[Description of the task] Everything from the first line of the material to the line containing "- A bedroom", inclusive, must be given again exactly; no pictures, and nothing past that line.

[Collected data]
● ● ● ● ● ● ●
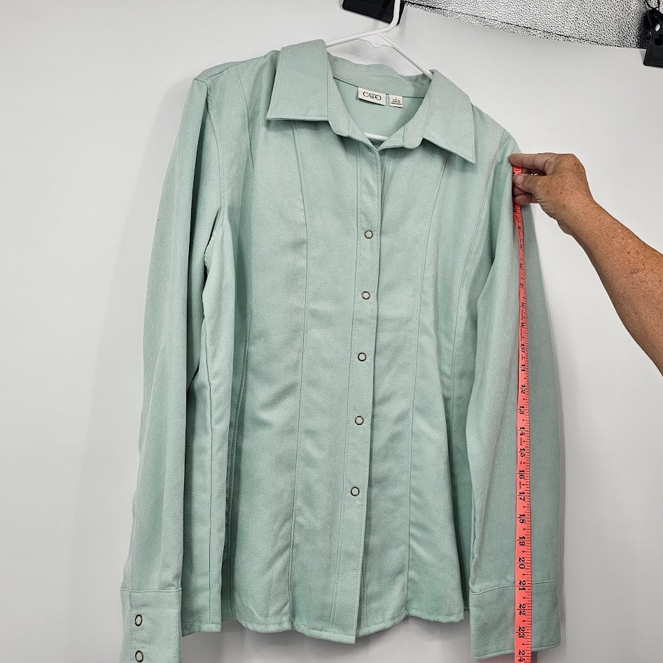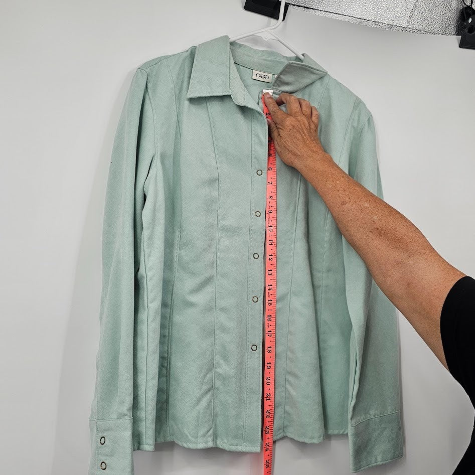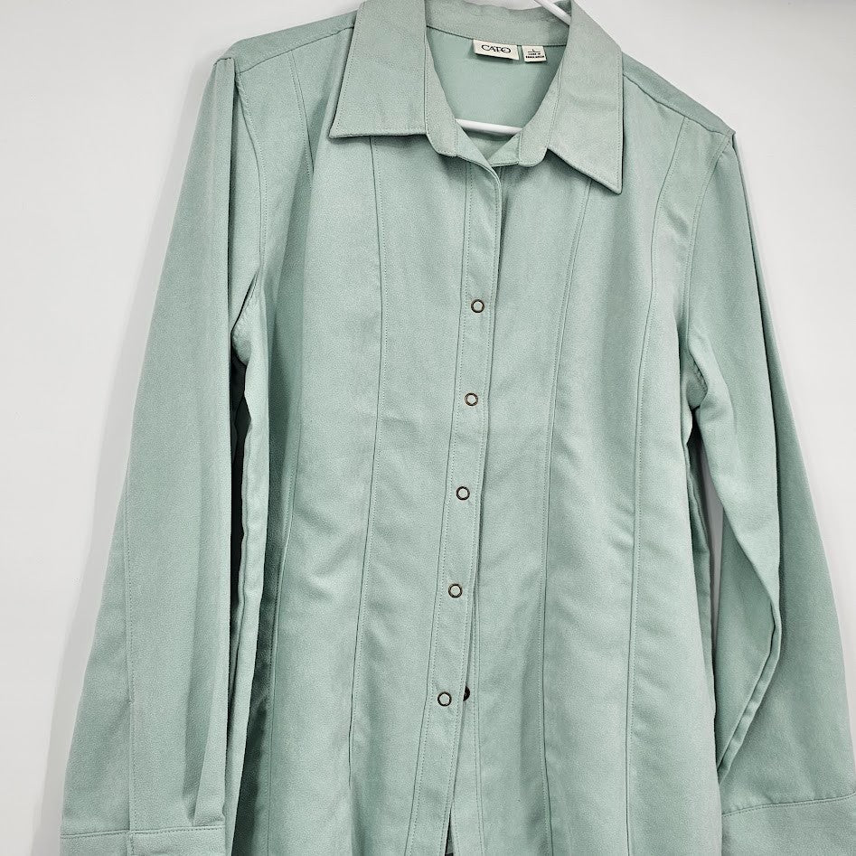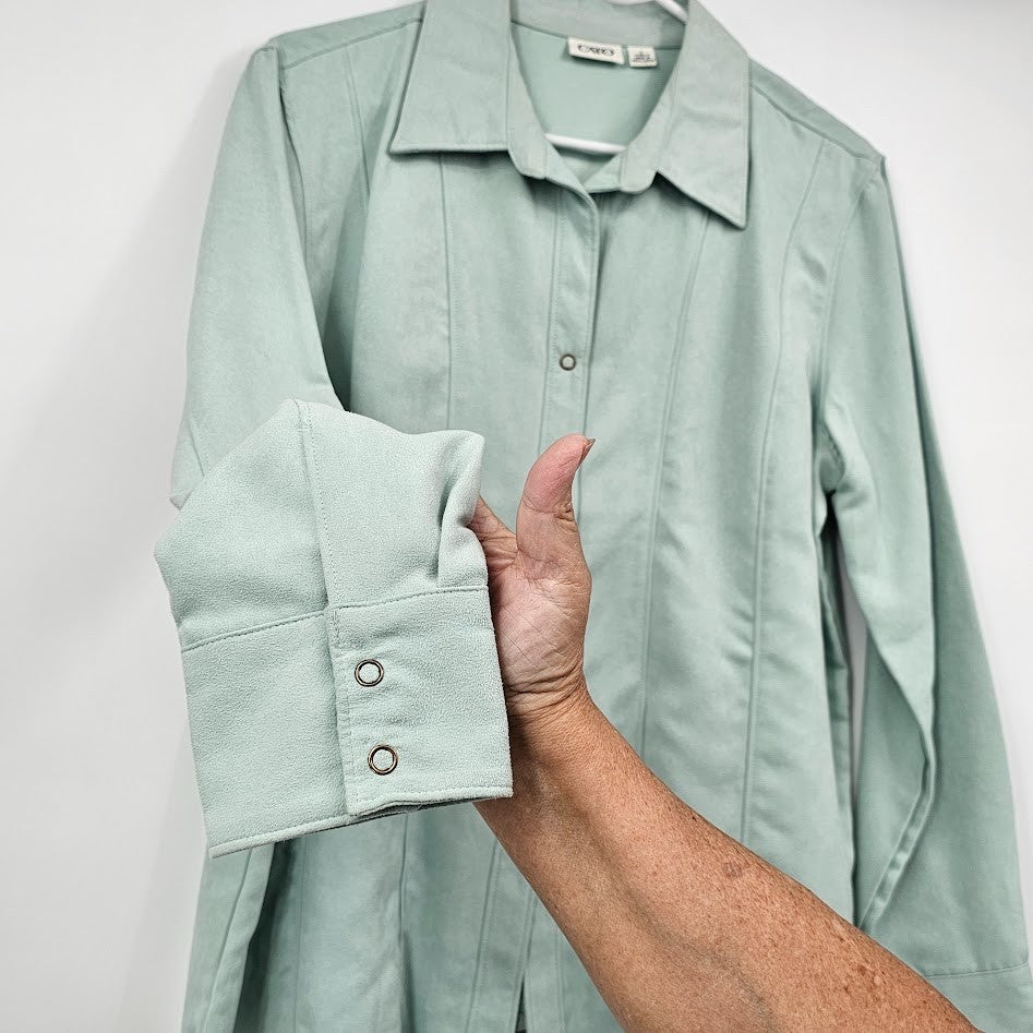 Y2K Cato Fashion Faux Suede Jacket Women’s L Seafoam Green Button Up Retro Blazer
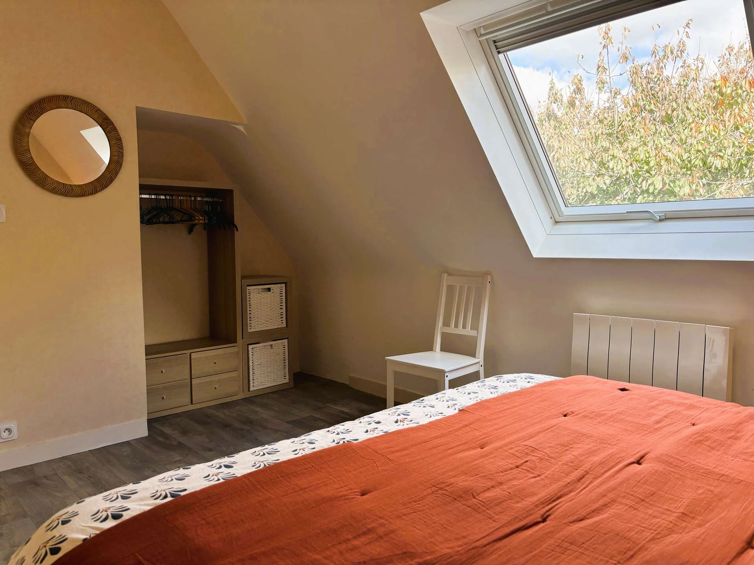 - A bedroom with a double bed and new bedding (160 cm), wardrobes, and a desk
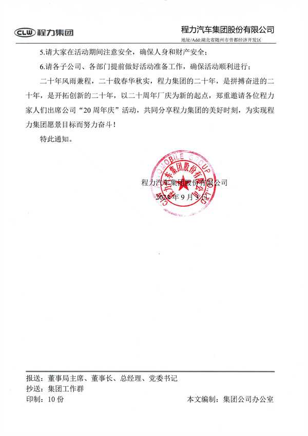 關(guān)于程力集團(tuán)二十周年廠慶的通知 尊敬的程力家人們: 時光荏苒,歲月如梭。在這個秋高氣爽,充滿希望與收獲的季節(jié)里,程力集團(tuán)即將迎來二十周年廠慶,為了慶祝這一具有重大意義的時刻,集團(tuán)公司決定舉辦一系列豐富多彩的慶典活動,活動詳情如下: 一、活動時間 9月15日(全天),8:30-23:58。 二、活動地點(diǎn) 曾都經(jīng)濟(jì)開發(fā)區(qū)程力集團(tuán)(新廠)程力大舞臺 ![]() 三、活動內(nèi)容 1.舉辦盛大的慶祝儀式,回顧程力集團(tuán)二十年的發(fā)展歷程,表彰為集團(tuán)發(fā)展做出突出貢獻(xiàn)的員工; 2.開展新LOGO、廠歌發(fā)布,展示程力集團(tuán)的新品牌和企業(yè)文化; 3.邀請專家學(xué)者舉辦專用汽車專題報告和新能源、應(yīng)急裝備、國際貿(mào)易分論壇,探討專用汽車行業(yè)的發(fā)展趨勢和未來前景; 4.組織員工文藝匯演,展現(xiàn)程力人的風(fēng)采和精神風(fēng)貌。 四、注意事項(xiàng) 1.憑票入場; 2.參會人員上午統(tǒng)一著20周年藍(lán)色T恤衫入場,參加晚會的,統(tǒng)一著20 周年紀(jì)念版白色T恤衫入場參與晚會互動; 3.參加活動的人員請遵守活動現(xiàn)場的秩序,聽從工作人員的安排,遵守會場的紀(jì)律; 4.參會人員不得中途退場; 5.請大家在活動期間注意安全,確保人身和財產(chǎn)安全; 6.請各子公司、各部門提前做好活動準(zhǔn)備工作,確保活動順利進(jìn)行; 二十年風(fēng)雨兼程,二十載春華秋實(shí),程力集團(tuán)的二十年,是拼搏奮進(jìn)的二十年,是開拓創(chuàng)新的二十年,以二十周年廠慶為新的起點(diǎn),鄭重邀請各位程力家人們出席公司“20周年慶”活動,共同分享程力集團(tuán)的美好時刻,為實(shí)現(xiàn)程力集團(tuán)愿景目標(biāo)而努力奮斗! 特此通知。 ![]() ![]() |
● ● ● ● ● ● ●
[Exercise response]
 Y2K Cato Fashion Faux Suede Jacket Women’s L Seafoam Green Button Up Retro Blazer
 - A bedroom with a double bed and new bedding (160 cm), wardrobes, and a desk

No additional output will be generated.